**TASK DESCRIPTION**
Without copying any picture, transcribe exactly the lines of the data below from the one containing "2020年10月27日中午,willia" through the one containing "随着2014级学生干部婀娜多".

**RECORDS SHOWN**

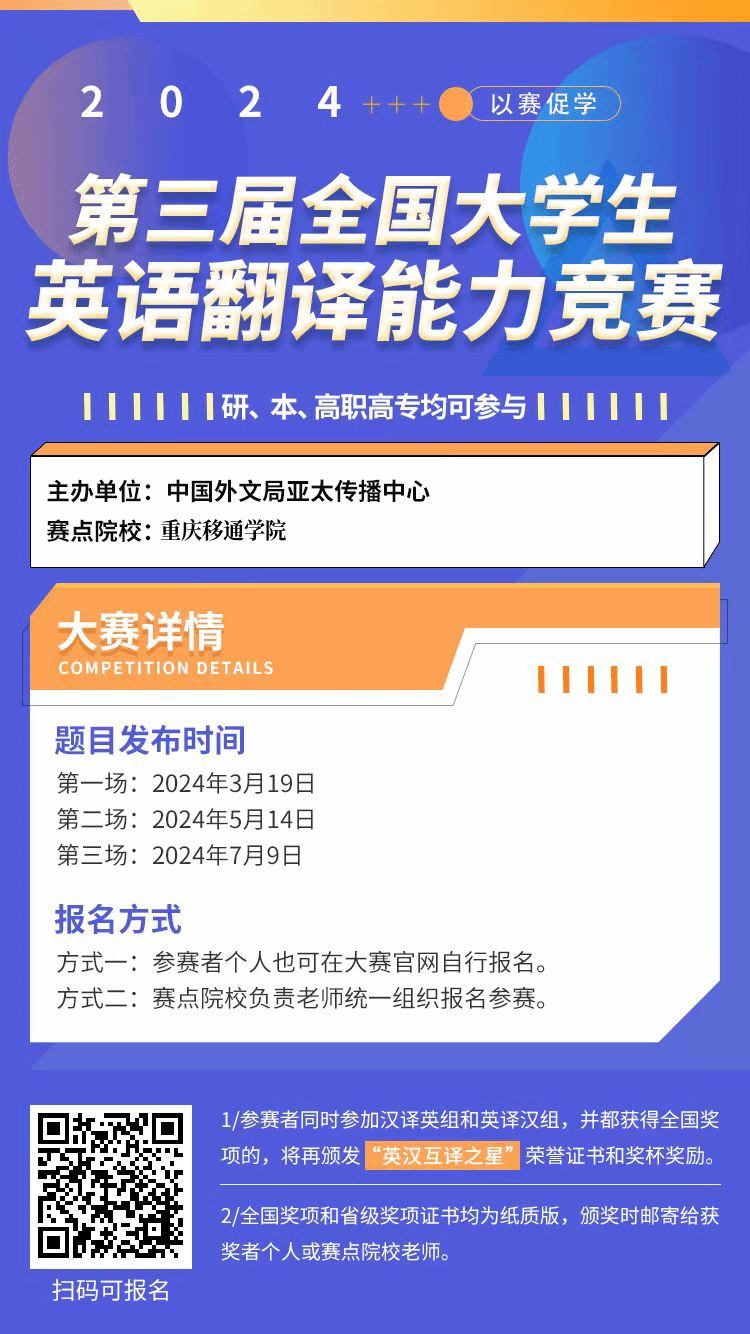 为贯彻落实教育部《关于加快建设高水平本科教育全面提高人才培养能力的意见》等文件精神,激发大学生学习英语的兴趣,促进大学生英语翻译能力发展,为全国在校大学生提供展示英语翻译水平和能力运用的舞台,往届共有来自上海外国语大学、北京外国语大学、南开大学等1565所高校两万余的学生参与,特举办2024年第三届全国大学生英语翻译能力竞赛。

* * *

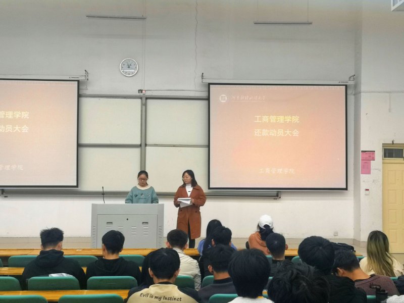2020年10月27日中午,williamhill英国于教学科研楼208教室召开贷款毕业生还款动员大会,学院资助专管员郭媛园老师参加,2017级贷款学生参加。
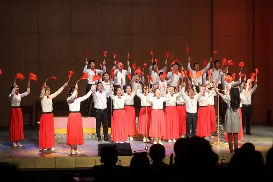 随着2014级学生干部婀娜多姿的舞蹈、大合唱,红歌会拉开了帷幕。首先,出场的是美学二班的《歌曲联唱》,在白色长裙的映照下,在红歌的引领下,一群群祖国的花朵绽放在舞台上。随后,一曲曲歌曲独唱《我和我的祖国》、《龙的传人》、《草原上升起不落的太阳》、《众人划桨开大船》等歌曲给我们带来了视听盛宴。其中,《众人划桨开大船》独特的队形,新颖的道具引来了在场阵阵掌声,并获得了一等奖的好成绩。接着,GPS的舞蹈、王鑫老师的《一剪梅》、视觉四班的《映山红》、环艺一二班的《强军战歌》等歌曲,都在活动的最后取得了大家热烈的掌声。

...

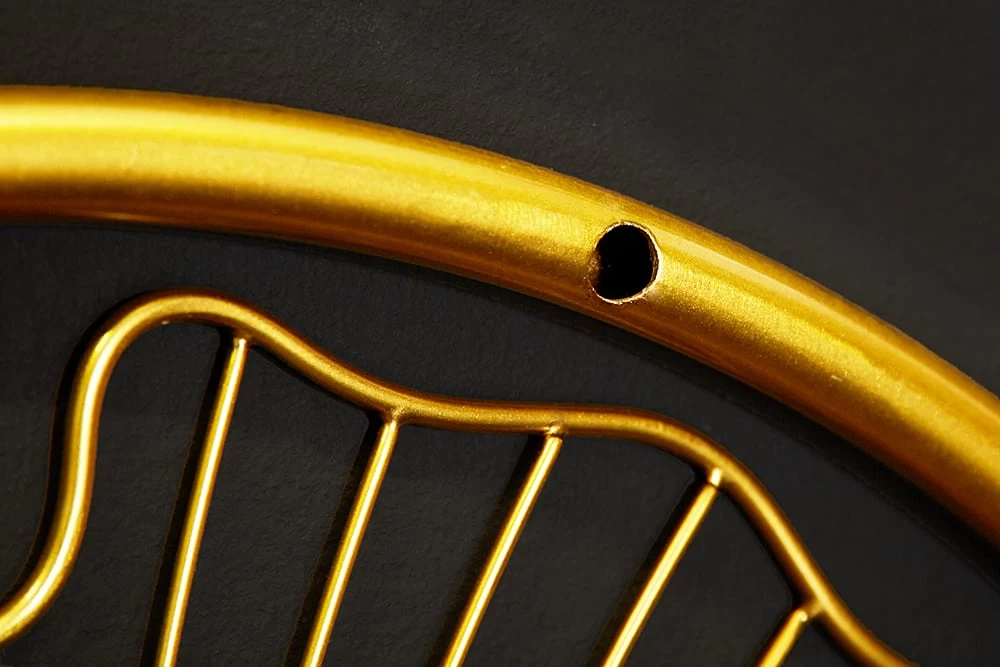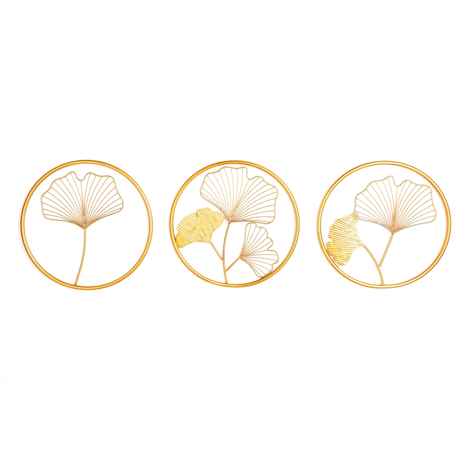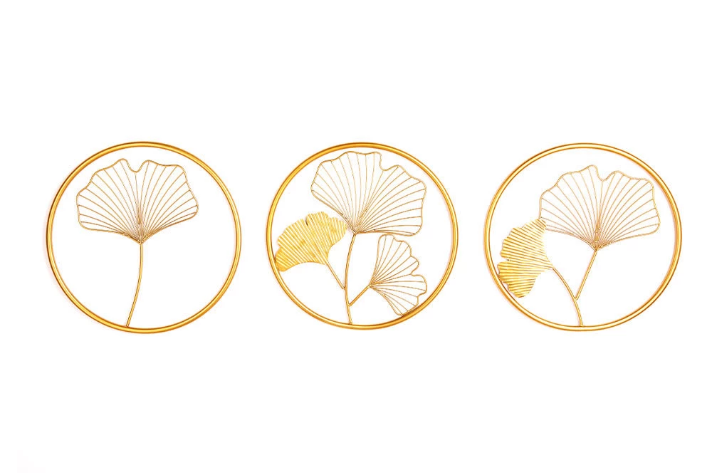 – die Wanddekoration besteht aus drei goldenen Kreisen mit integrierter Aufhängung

**SOLUTION TO THE EXERCISE**
2020年10月27日中午,williamhill英国于教学科研楼208教室召开贷款毕业生还款动员大会,学院资助专管员郭媛园老师参加,2017级贷款学生参加。
 随着2014级学生干部婀娜多姿的舞蹈、大合唱,红歌会拉开了帷幕。首先,出场的是美学二班的《歌曲联唱》,在白色长裙的映照下,在红歌的引领下,一群群祖国的花朵绽放在舞台上。随后,一曲曲歌曲独唱《我和我的祖国》、《龙的传人》、《草原上升起不落的太阳》、《众人划桨开大船》等歌曲给我们带来了视听盛宴。其中,《众人划桨开大船》独特的队形,新颖的道具引来了在场阵阵掌声,并获得了一等奖的好成绩。接着,GPS的舞蹈、王鑫老师的《一剪梅》、视觉四班的《映山红》、环艺一二班的《强军战歌》等歌曲,都在活动的最后取得了大家热烈的掌声。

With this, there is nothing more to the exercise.